I'm currently writing some rules for my app with a Firestore database. Currently everyone can read data and authenticated users can write.

  match /quizzes/{quizId} {
    allow read; 
    allow write: if request.auth != null;
  }

That works fine, but I also want unauthenticated users to write only to a specific key in a document.
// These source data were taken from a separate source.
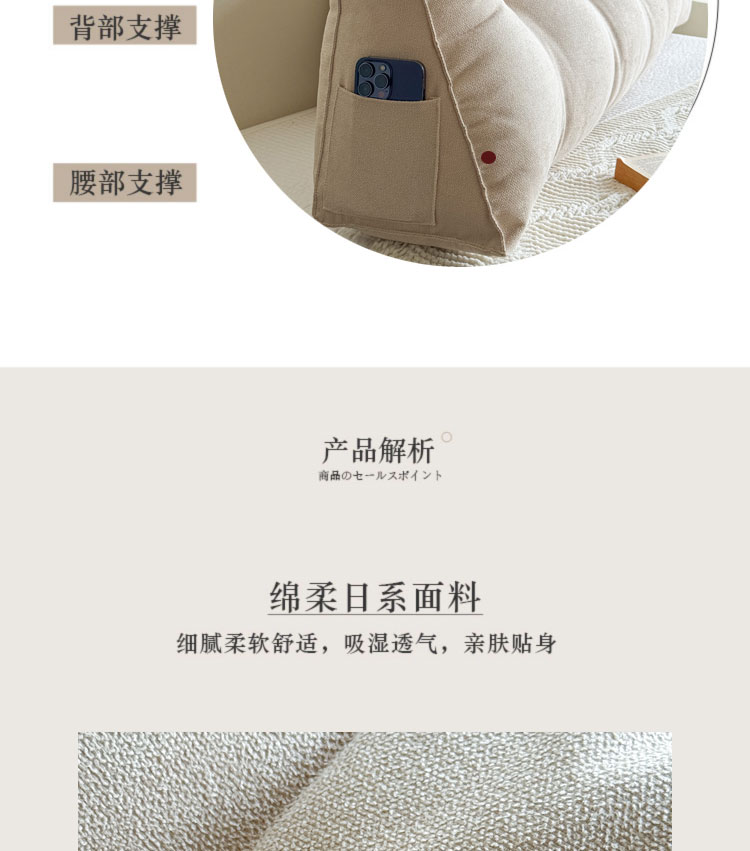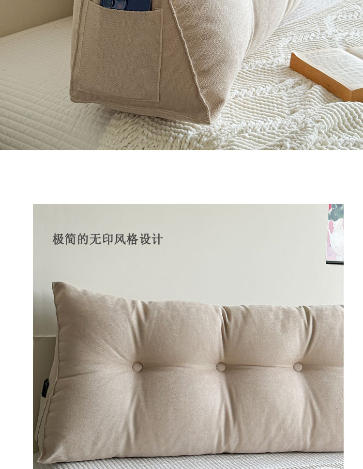 星致家 日式极简榻榻米软包ins北欧床头靠垫纯色靠背床上大长靠枕
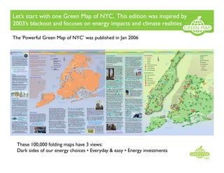 The document discusses the 'Powerful Green Map of NYC', which was created to raise awareness about energy choices and climate impacts. It highlights various tools and resources, including interactive maps and educational modules for students and teachers, that aim to promote community resilience and renewable energy. The initiative involved partnerships, cycling tours, and localized mapping efforts across 40 countries, focusing on both local and global environmental issues.
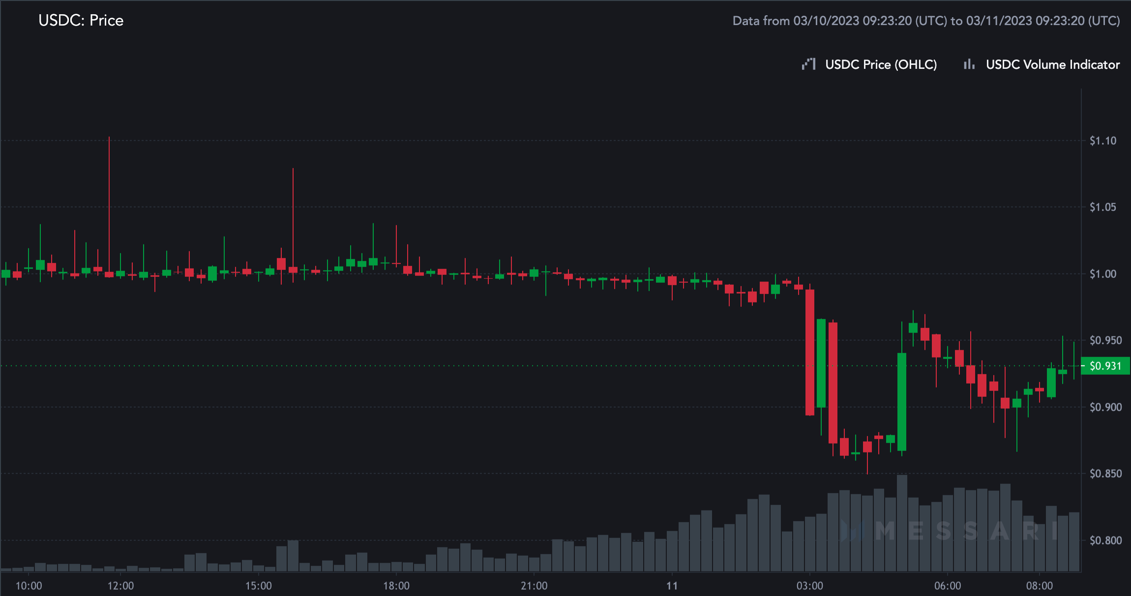 “I think that we will see a lot of volatility in USDC price over the weekend because USDC redemptions won’t work in that time – banks don’t work on weekends,”
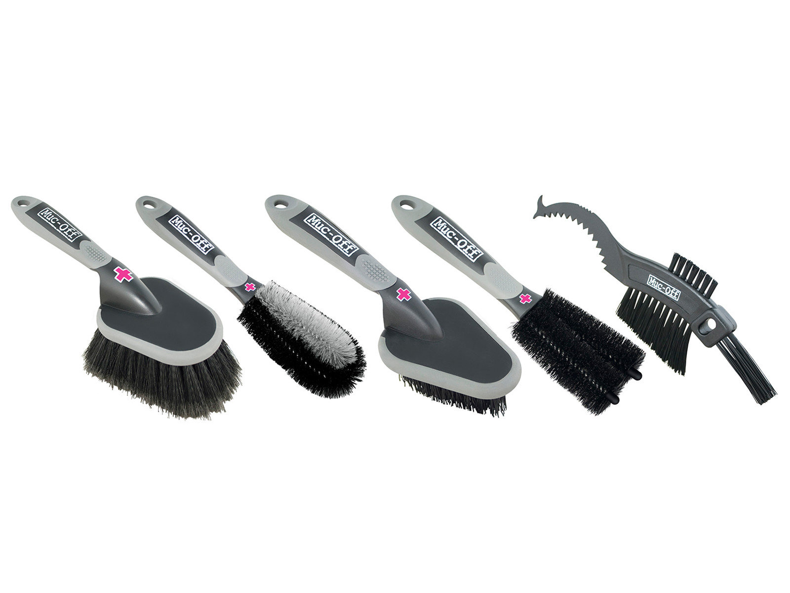 Sættet leveres med fem børster, som hver har fem funktioner. Fælles for alle børster er, at de har et godt gummigreb, som ikke glider under våde forhold, og som ligger godt i hånden. Den første børste er Muc-Off's Soft Washing Brush, som er designet til at rense dit stel og komponenter. Den anden børste i pakken er Detailing Brush, som er ideel til at fjerne snavs på tandhjul, nav og andre stramme områder, som ophæng eller gafler. Den tredje børste som pakken indeholder er Muc-Off's Claw Brush, som har et tredobbelt børstehovede med hårde nylon børstehår samt en integreret børste til at fjerne mudder fra tilstoppede sko. Claw børsten er ideel til kæde, kasette samt tandhjul. Pakkens fjerde børste er en Wheel & Component Brush, som er formet og har konturer specielt til at rense fælde og eger, så det bliver en leg. Den sidste og femte børste er Two Brong Brush, som er perfekt, når du skal fjerne snavs på eger, skiver, forbindelser eller pedaler; og med disse fem børster er du virkelig godt udstyret, når cyklen skal rengøres.
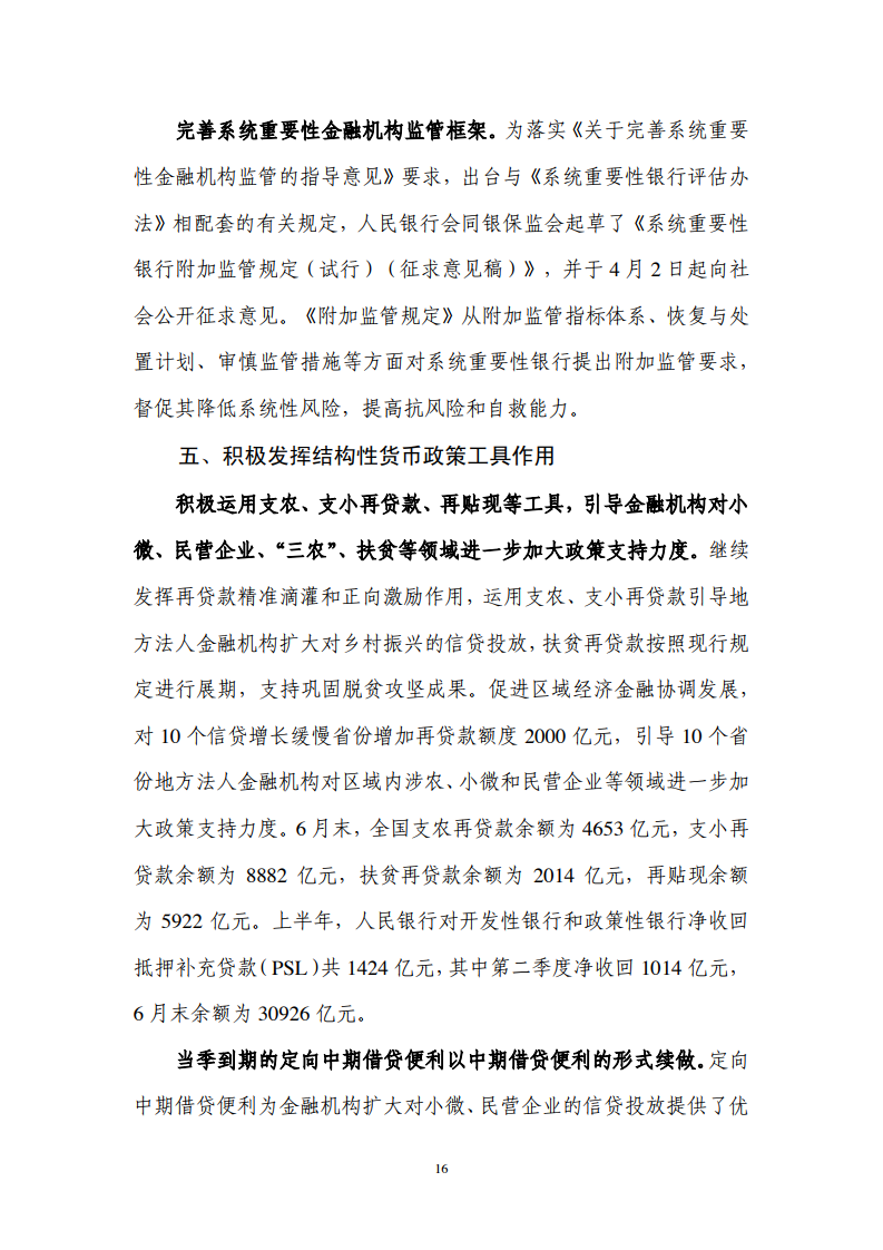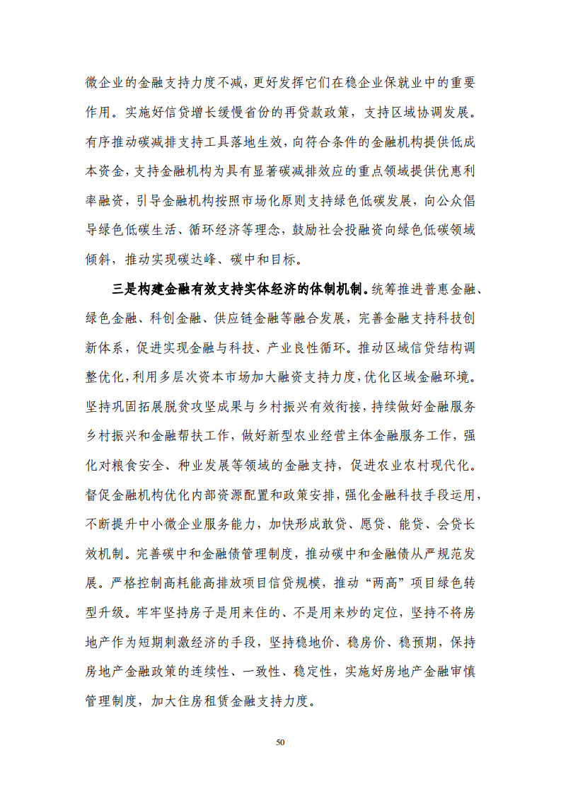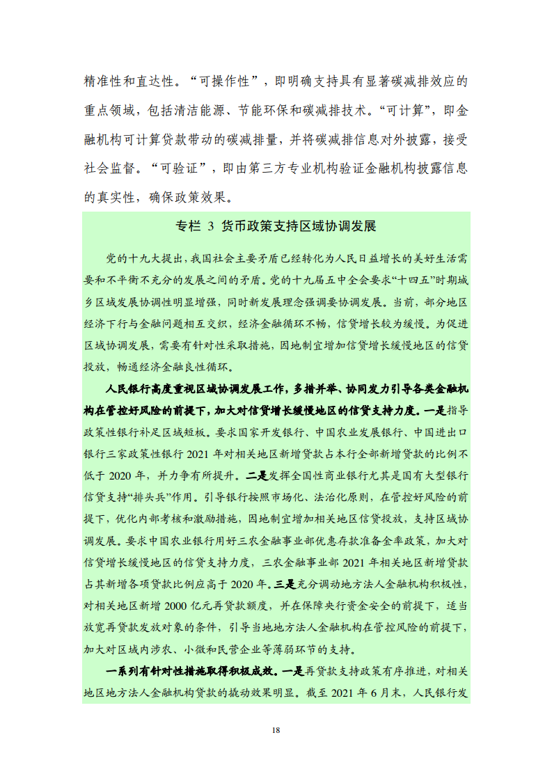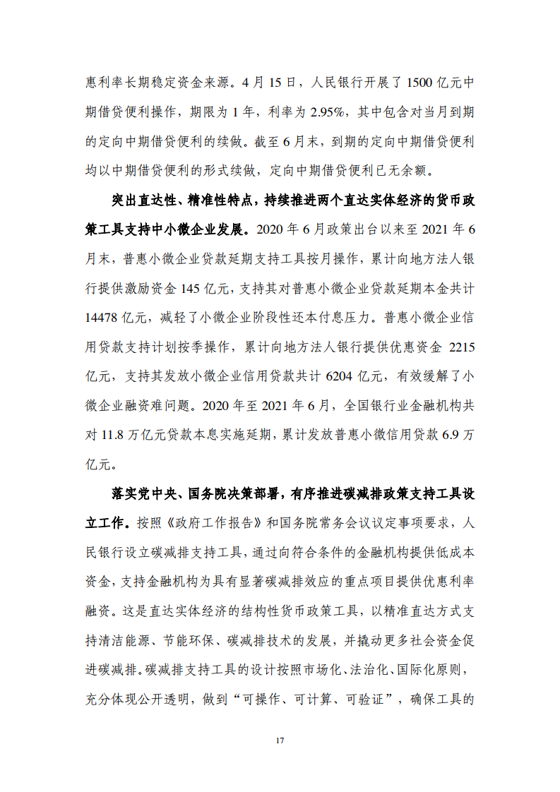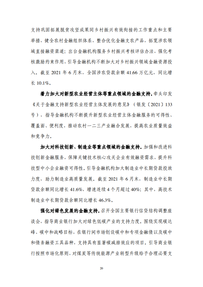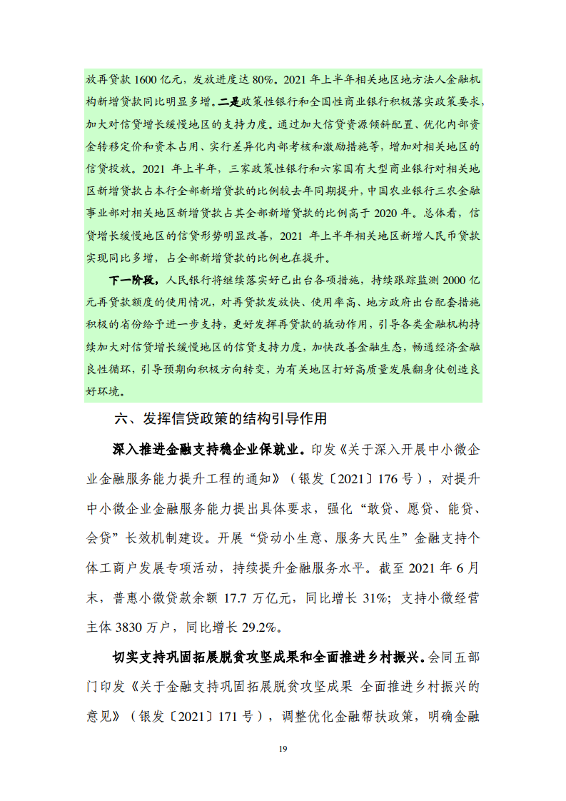 二 是发挥好结构性货币政策工具牵引带动作用。实施好两项直达实体经 济货币政策工具的延期工作,通过对信贷增长缓慢省份增加再贷款等 综合措施支持区域协调发展,对科技创新、小微企业、绿色发展、制 造业等需要长期支持的领域加大政策支持力度。
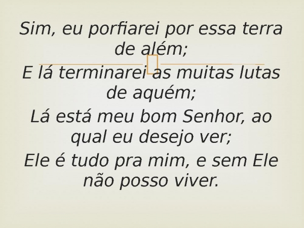 - Sim, eu porfiarei por essa terra de além;E lá terminarei as muitas lutas de aquém;Lá está meu bom Senhor, ao qual eu desejo ver;Ele é tudo pra mim, e sem Ele não posso viver.
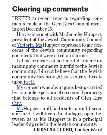 I just wonder if the Jewish Council is also talking to Cr. Hyams and Lipshutz. I attended the said Council Meeting and was shocked to hear both these Crs. take Lobo’s perfectly reasonable and widely accepted comment of “any group that requests approval for guns makes a target of themselves” into an anti-Semitic tirade. By doing so, Hyams and Lipshutz did more to engender anti-semitism than Lobo.
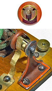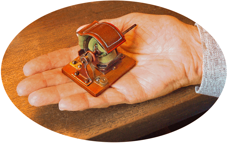 Un de ces moteurs est photographié près de notre spécimen. On peut observer des similitudes quant aux dimensions et à la réalisation de certains éléments comme le rotor de 3 cm de diamètre et son collecteur rotatif. Bien sûr, le socle aux nombreux trous répond aux caractéristiques spécifiques du matériel TRIX. La différence réside dans le stator qui, sur ce dernier, est un aimant permanent. Le modèle de droite, sur socle en noyer, nous semble le plus ancien. La finition aux filets colorés pourrait en faire une productions MÄRKLIN des premières années 1900 ... |
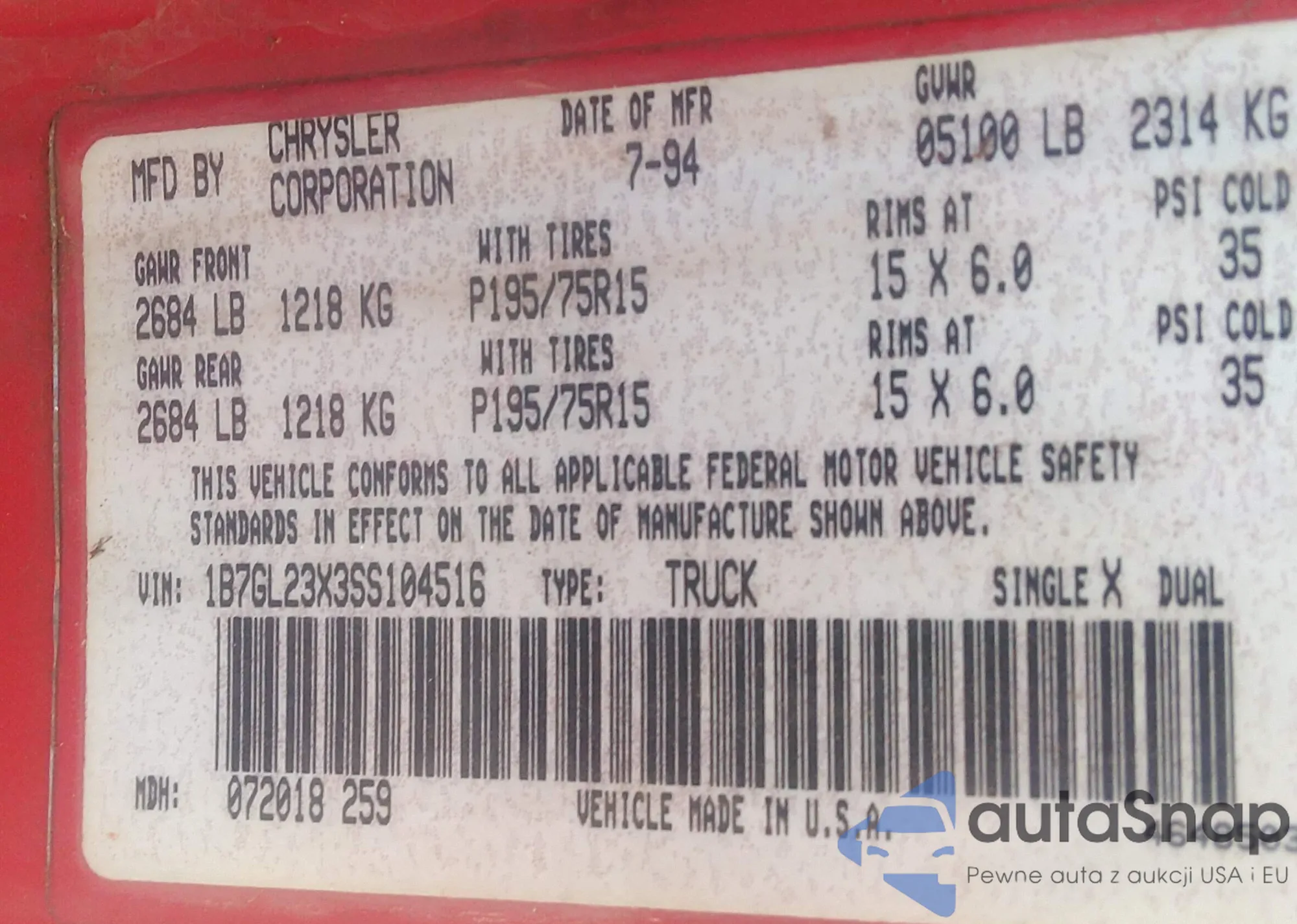 • VIN 1B7GL23X3SS104516
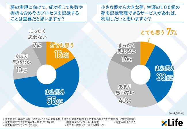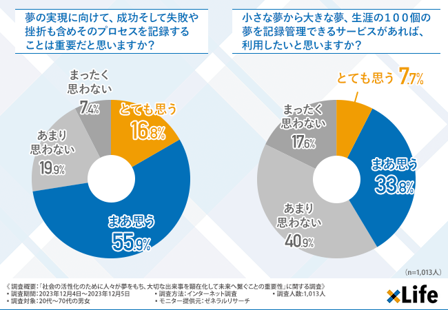 「小さな夢から大きな夢、生涯の100個の夢を記録管理できるサービスがあれば、利用したいと思いますか?」と質問したところ、『とても思う(7.7%)』『まあ思う(33.8%)』という回答結果になりました。
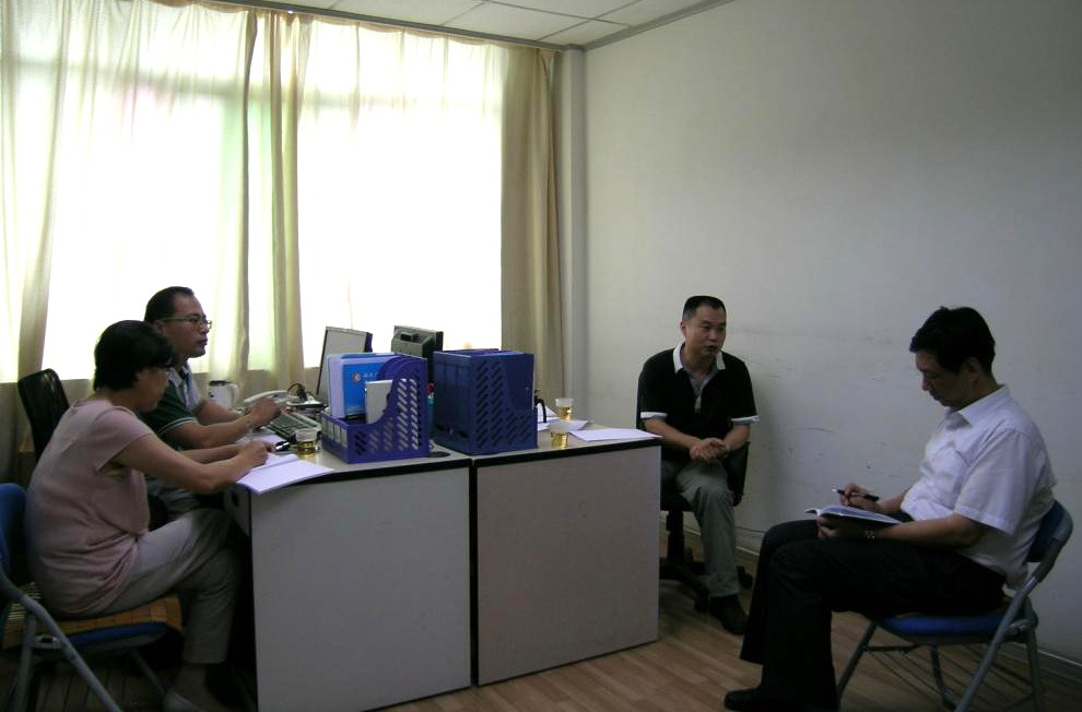 纪委书记王幼新(中间)与考试中心相关人员交流座谈

Example content of a document:

{
  title: 'title',
  plays: 12,
  playedBy: [//Filled with user id's],
  ...
}

Is there any way that limits unauthenticated users to only have write access to the playedBy array and not the other keys of that document?

like image 944
PeeJee Avatar asked Oct 21 '25 14:10

PeeJee


2 Answers

Sure thing. But it may become a bit involved if you have a lot of fields.

Let's start with the simplest example. Something like this allows an unauthenticated user to write the playedBy as long as that is the only field in the document:

if request.auth != null || request.resource.data.keys().hasOnly(['playedBy'])

This works if the unauthenticated user is creating a new document, or updating an existing one. But it will stop as soon as the document contains more fields, since request.resource.data contains all fields the document will have after the write succeeds.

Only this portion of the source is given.